## Material provided
§

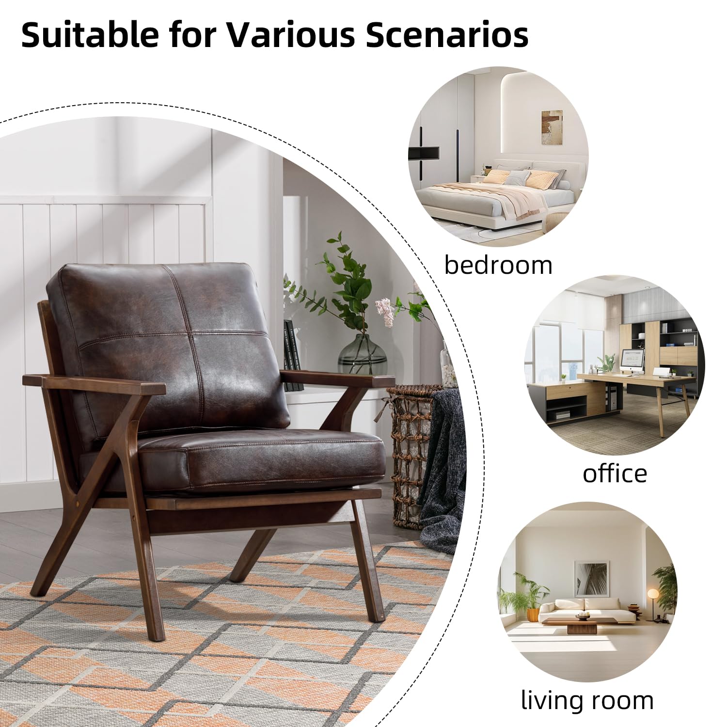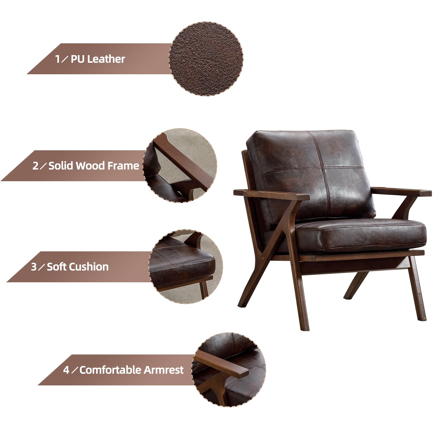 INZOY Mid-Century Modern Accent Chair with Wood Frame, PU Leather Living Room Chair and Soft Thick Padded Armchair for Living Room Bedroom Reception with Removable Upholstered Cushions, Brown
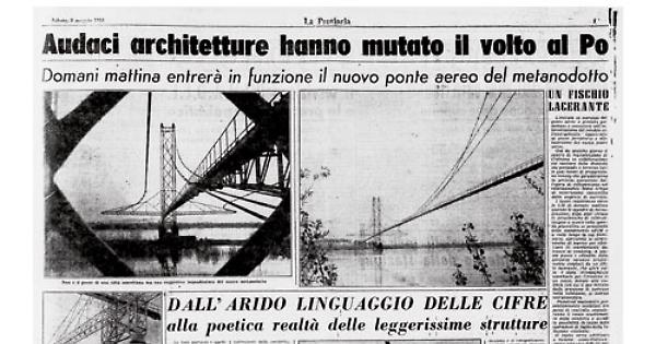 (...) Le caratteristiche principali dell'attraversamento sono le seguenti: Distanza ira i piloni di sostegno vi. 320,40 ;. Altezza in.mezzana del tubo sul livello normale ni. 15: Altezza dei piloni da terra metri 47,80; Altezza delle pile in muratura m. 8; Distanza degli ancoraggi dai piloni m. 140; Diametro esterno della tubazione 13" mm. 343; Spessore della tubazione mm. 12; Pressione massima, di esercizio del gas 60 alvi.; Monta della tubazione m. 4,52; Larghezza della passerella cm. 65; Peso complessivi di tutte le parti metalliche kg. 400.000; Peso complessivo di tutte le parti in cemento armato 5.509 tonnellate; Lunghezza complessiva dell'attraversamento m. 920,80; Profondità media dei pali di fondazionc m. 25; Ore lavoratila per l'intera esecuzione 45 mila. Le opere in muratura, completamente in cemento armato, comprendono: tre blocchi di fondazione dei piloni centrali e due blocchi di ancoraggio delle funi. Tutti si sopraelevano di circa un metro oltre la quota massima degli argini circostanti, in modo da impedire che i corpi galleggianti nelle condizioni di massima piena, possano investire le strutture metalliche. La stabilità sia delle pile in acqua sia di quelle di ancoraggio è garantita da una fitta palificazione costituita da 292 pali trivellati e pressati che raggiungono la profondità mas. di mi. 28. (...)
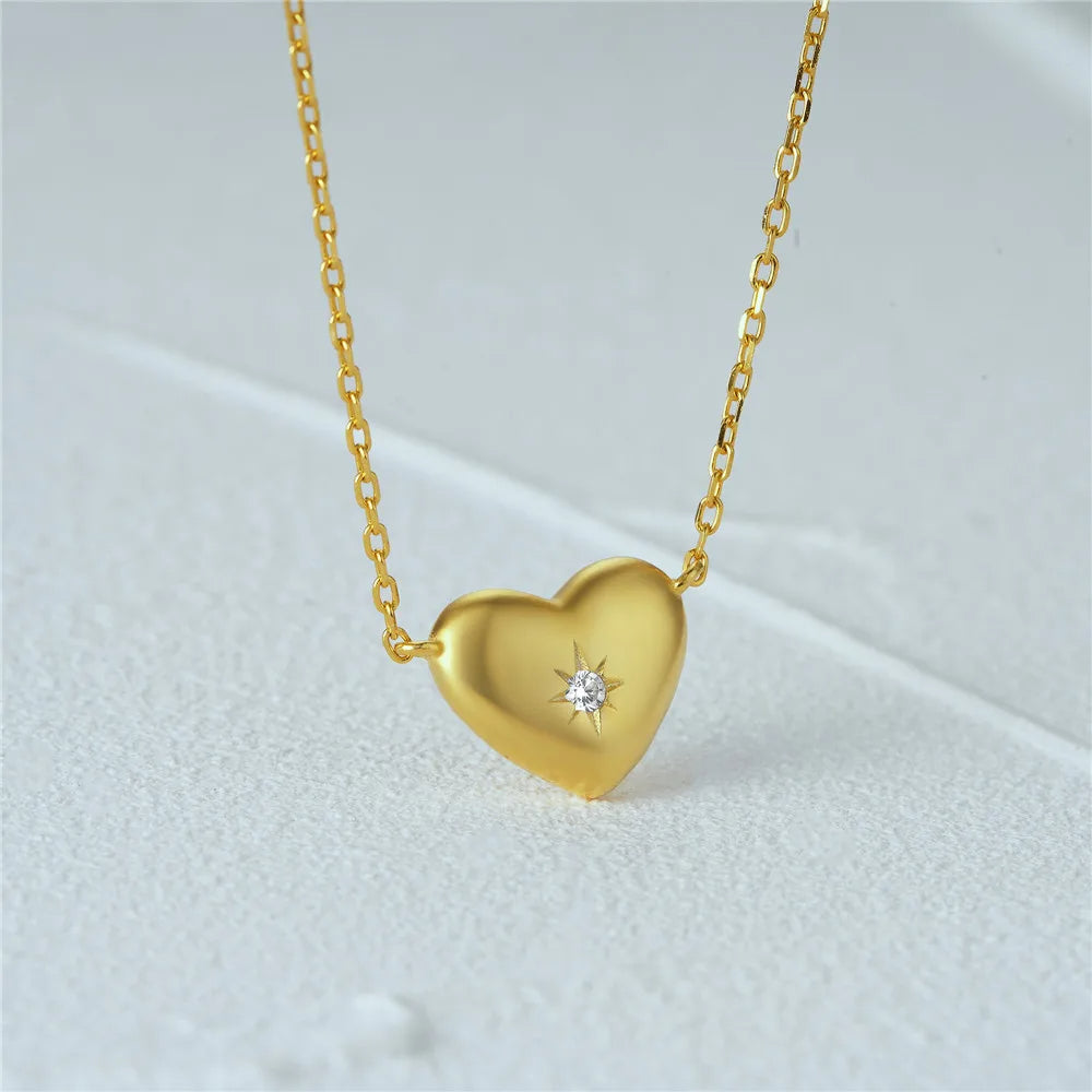 Close-up of the gold heart pendant necklace with a central zircon stone.
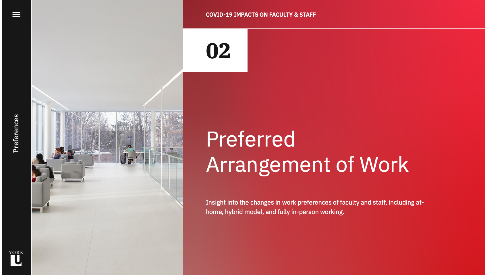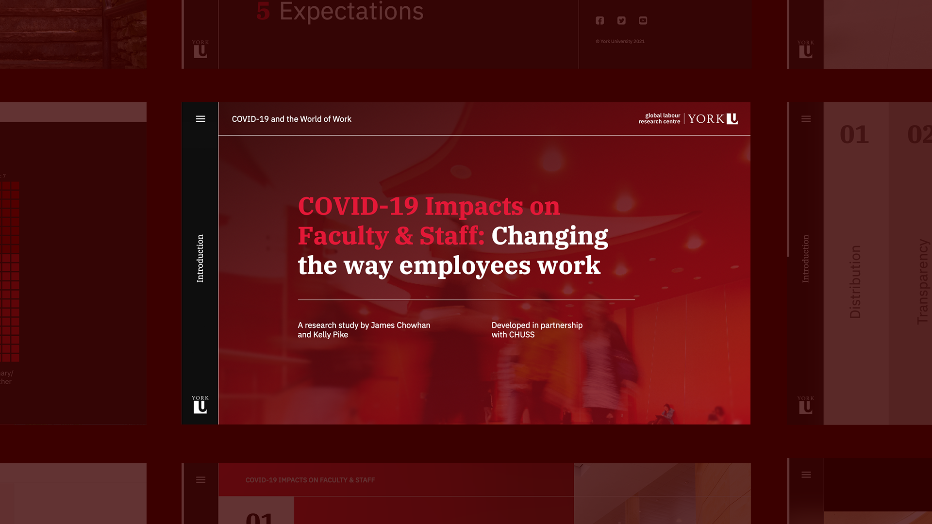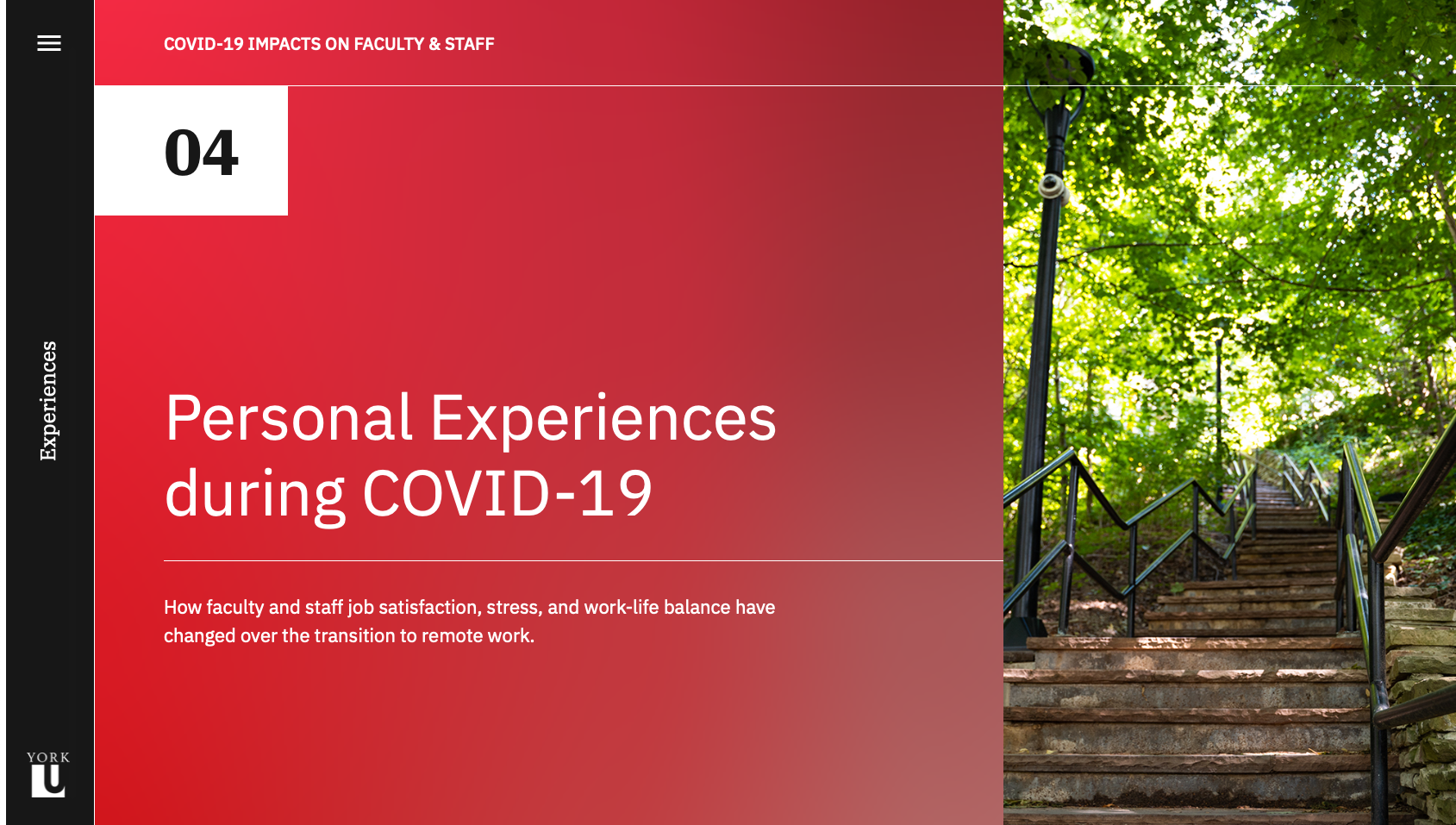 Although the visual branding of the site is centred around the York University colour palette, the layout and interactions diverge from the university's website to create an immersive and engaging experience for readers. The site is custom built to display the content of the study, and each of the five sections of the study are optimized for the chart types they contain. The homepage was designed to scroll horizontally, creating a distinction between the report pages as well as a memorable interaction. The alternating colours and positioning of charts adds visual interest and flow to each page, while the section hero banners contain a custom bright gradient using university colours, which clearly indicate the beginning of a new section.

§

## Goal of the exercise
Copy exactly, and copy nothing else: the lines from the start of the data above through the line that holds "Close-up of the". The pictures stay out.

## Written answer
 INZOY Mid-Century Modern Accent Chair with Wood Frame, PU Leather Living Room Chair and Soft Thick Padded Armchair for Living Room Bedroom Reception with Removable Upholstered Cushions, Brown
 (...) Le caratteristiche principali dell'attraversamento sono le seguenti: Distanza ira i piloni di sostegno vi. 320,40 ;. Altezza in.mezzana del tubo sul livello normale ni. 15: Altezza dei piloni da terra metri 47,80; Altezza delle pile in muratura m. 8; Distanza degli ancoraggi dai piloni m. 140; Diametro esterno della tubazione 13" mm. 343; Spessore della tubazione mm. 12; Pressione massima, di esercizio del gas 60 alvi.; Monta della tubazione m. 4,52; Larghezza della passerella cm. 65; Peso complessivi di tutte le parti metalliche kg. 400.000; Peso complessivo di tutte le parti in cemento armato 5.509 tonnellate; Lunghezza complessiva dell'attraversamento m. 920,80; Profondità media dei pali di fondazionc m. 25; Ore lavoratila per l'intera esecuzione 45 mila. Le opere in muratura, completamente in cemento armato, comprendono: tre blocchi di fondazione dei piloni centrali e due blocchi di ancoraggio delle funi. Tutti si sopraelevano di circa un metro oltre la quota massima degli argini circostanti, in modo da impedire che i corpi galleggianti nelle condizioni di massima piena, possano investire le strutture metalliche. La stabilità sia delle pile in acqua sia di quelle di ancoraggio è garantita da una fitta palificazione costituita da 292 pali trivellati e pressati che raggiungono la profondità mas. di mi. 28. (...)
 Close-up of the gold heart pendant necklace with a central zircon stone.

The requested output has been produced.